Rotate the cart-minimum distance between convex polygon

 

Given two Convex Polygon that are not connected (that is, not intersecting)PAndQTo find the point at the minimum distance between them (P,Q)(PBelongPAndQBelongQ).

In fact, polygon do not intersect, because the polygon we call contains all vertices inside it. If the polygon intersect, the minimum distance becomes meaningless. However, this is the problem. On the other hand, the minimum distance between the convex polygon vertex pairs exists in the case of intersection and non-intersection.

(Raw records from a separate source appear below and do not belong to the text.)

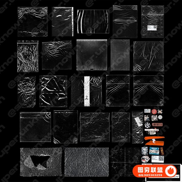 图穷联 » [PS样机]23款透明塑料褶皱箔纸磨砂玻璃气泡效果叠加包装贴纸PS样机素材素材 23
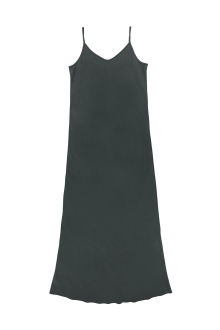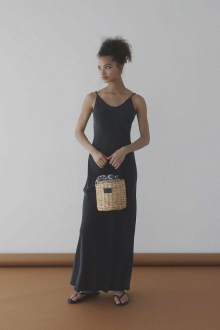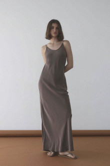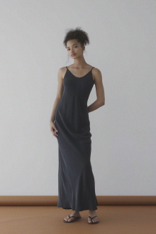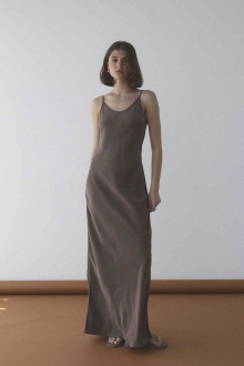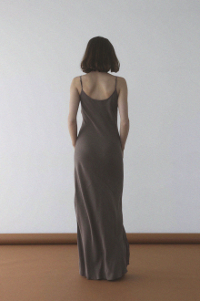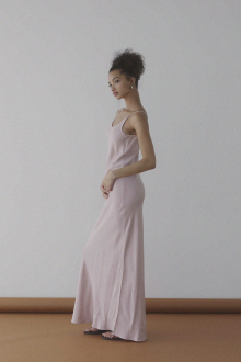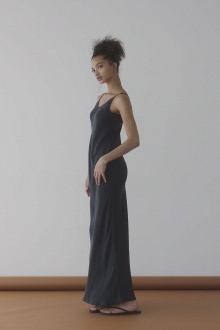 艶やかでしなやかなサテン素材が、着る人の動きに寄り添いながら上品な光を放つロングドレス。
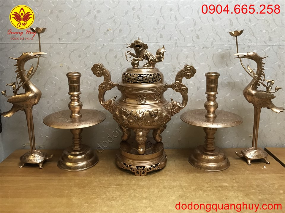 Bộ ngũ sự Rồng cao 60cm gồm một đỉnh, hai chân nến, hai ông Hạc phù hợp với bàn thờ 1m97 trở đi .
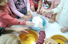 Һәр мәктәпкәчә яшьтәге бала – кечкенә тикшеренүче, үзе өчен дөнья ача. Бүген урта төркем балалары үзләренең кәгазь үзлекләре белән танышуларын дәвам иттеләр. Алар лотос бөресенең ничек суда ачылганын зур кызыксыну белән күзәттеләр, һәм кәгазьнең сеңдерү кебек үзенчәлеген үзләштерделәр.
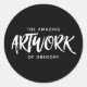 Un autocollant personnalisé en noir et blanc cool qui dit, "L'oeuvre Extraordinaire de Gregory." Parfait pour ajouter à l'arrière de votre oeuvre que vos enfants donnent aux gens.Serait parfait pour les foires artisanales. Customisez l'autocollant avec le nom de votre choix. Vient dans une variété de couleurs. Conçu pour vous par Blackberry Boulevard.
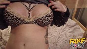Fake Hostel - Super Hot Redhead Big Busty Woman with tattoos and massive natural tits seduces French females cheating boyfriend after he cums in her panties, resulting in steamy threesome with orgasms and cumshot.
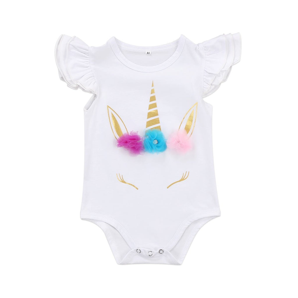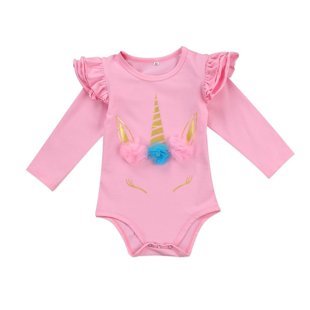 Keep little one comfy and cozy with this fantasy unicorn romper featuring cotton-blend material, unicorn and dots print add extra sweet charm!
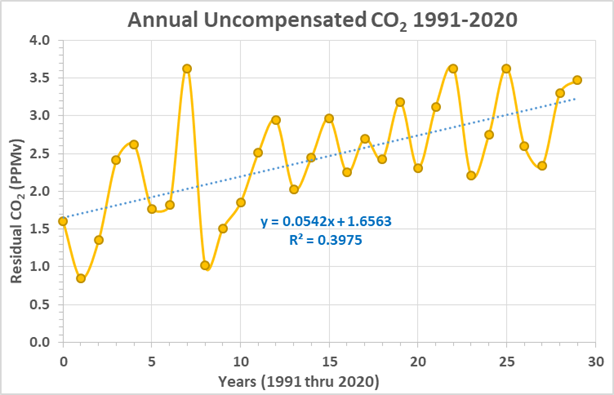 One might argue that the main driver of the upward trend of CO2 is either increased anthropogenic emissions, which is the default claim, or one could argue that the active sinks simply aren’t keeping up with changes in the temperature-driven emissions. The uncompensated residual at the end of the Summer drawdown is on average about 2.5 PPMv, for the 30-year period. Thus, the next season starts at a base-line that is elevated above the previous season base-line. The drawdown phase is not compensating for the increasing ramp-up. Figure 4, following, illustrates this.
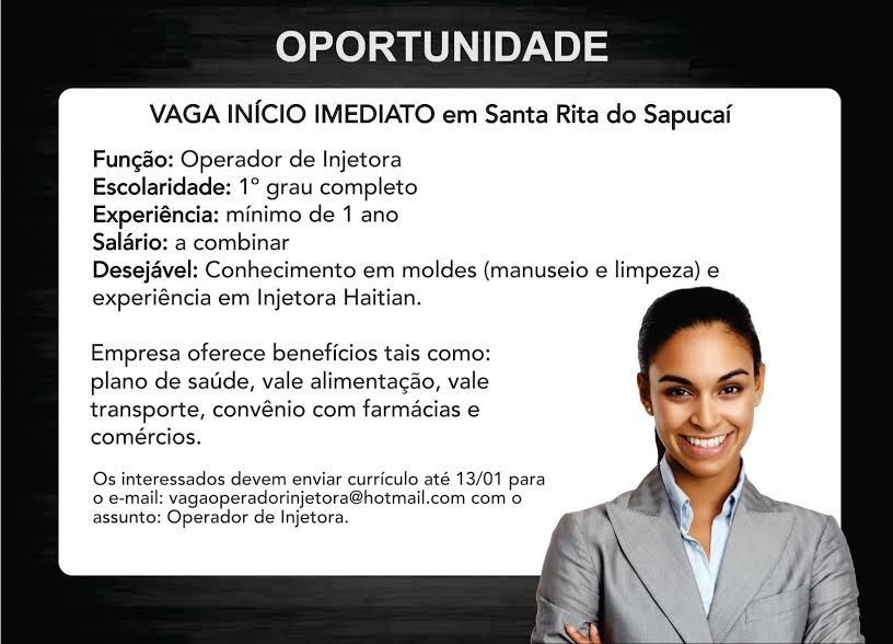 Oportunidade de Emprego – Operador de Injetora
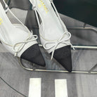 Slingback 50 White Calfskin Black Satin Pointed Toe
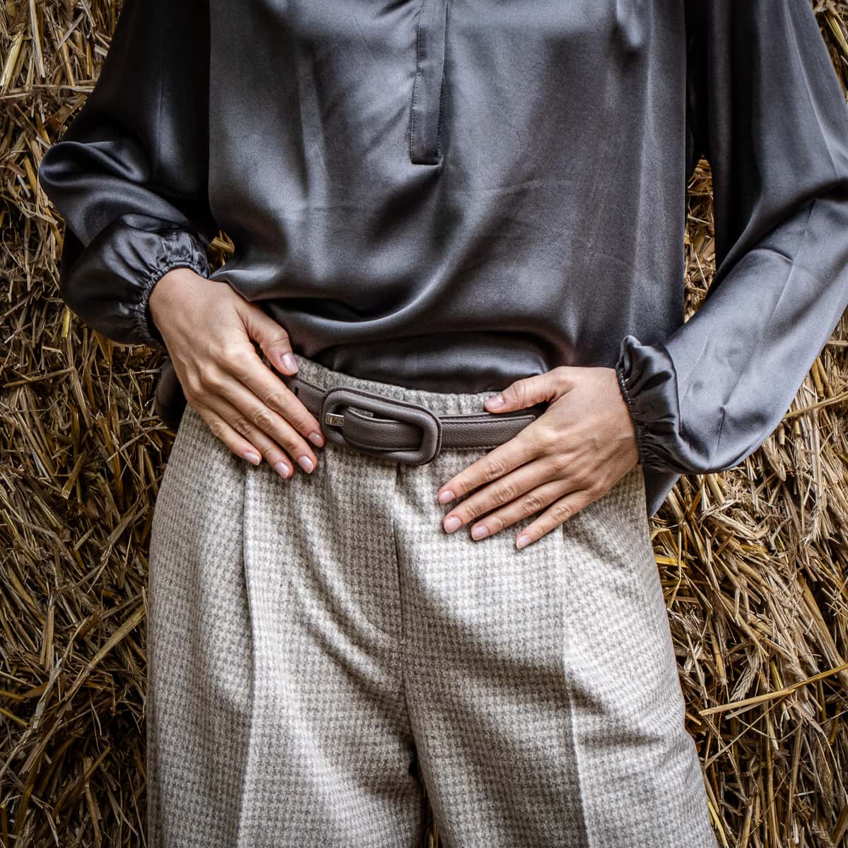 Elegante Bluse aus edlem Seiden-Elasthan-Mix von Charlotte Sparre in zeitlosem Khaki. Mit femininer Silhouette, lockerem Schnitt und leichtem Glanz – perfekt für Business oder besondere Anlässe.

Back to our main problem: intuitively, the point that determines the minimum distance cannot contain the interior of the polygon. Similar to the maximum distance problem, we have the following conclusions:

Two convex polygonPAndQThe minimum distance between two polygon points is determined by the pair points between the polygon. There are three pair points between them between convex polygon, so there are three possible minimum distance modes:

1. "vertex-vertex"

2. "vertex-edge"

3. "Edge-edge"

In other words, the point to determine the minimum distance is not necessarily a point. The following three legends show the above conclusions:

Through the above conclusion, an algorithm based on the rotating jamming shell is naturally generated:

Considering the following algorithm, the input of the algorithm is a convex polygon p and q with M and N clockwise given vertices respectively.

1. ComputingPUpperYVertex with the smallest coordinate value (calledYminp) AndQUpperYThe vertex with the largest coordinate value (calledYmaxq).

2. PolygonYminpAndYmaxqConstruct two tangent linesLpAndSCSIPlace the corresponding polygon on their right side. In this caseLpAndSCSIHas different directions, andYminpAndYmaxqIt becomes a pair of vertex points between polygon.

3. Calculate the distance (Yminp,YmaxqAnd maintain it as the current minimum value.

4. Rotate parallel lines clockwise at the same time until one of them overlaps with the edges of the polygon.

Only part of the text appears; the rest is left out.